# ZFS Resilver on different machine



## embeddedbob (Dec 10, 2013)

I have a system with 3x 1.5 TB that has been working OK for two to three years. Lately the system would intermittently turn on but not display anything, beep or show any signs of life. I have noticed this a couple of times in the past but then it would vanish and so I assumed the motherboard was not right. As it mostly stays on, it wasn*'*t much of an issue. It*'*s a shame as I found it difficult to find a motherboard and CPU combination that was ECC compatible and low power (AMD 64).

Recently one of the Samsung 1.5 TB disk_s_ has died (click of death) but now the computer refuses to boot at all, and the disk is dead (great eh).

To recover the data without stressing the other disks, I plan to image the other two disks in the RAID-Z on another machine using dd. Does anyone know if I can lower the transfer rate or transfer in block sizes that reduce the likelihood of another failure while backing them up?

Then once that*'*s done, I was going to put them in another machine to resilver.

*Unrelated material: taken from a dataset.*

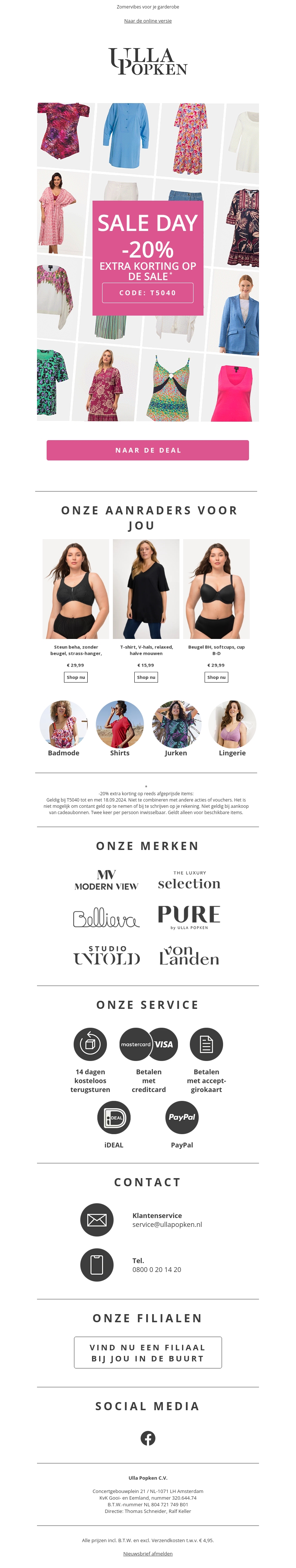 SALE DAY: bij Ulla Popken krijg je nu 20% extra korting op de al afgeprijsde items. Gebruik de code T5040 tijdens het afrekenen om van deze aanbieding te profiteren. Beperkte tijd beschikbaar, mis het niet!

Is there meta data on the dead machine or can I just import the other two disks as part of a three-disk RAID-Z and resilver onto new disk? 

The machine has a SSD as the main system disk so I could move that into the new system for recovery, although ill I'll have to fettle with it as the kernel is trimmed down for the broken machine (I won*'*t be doing that again).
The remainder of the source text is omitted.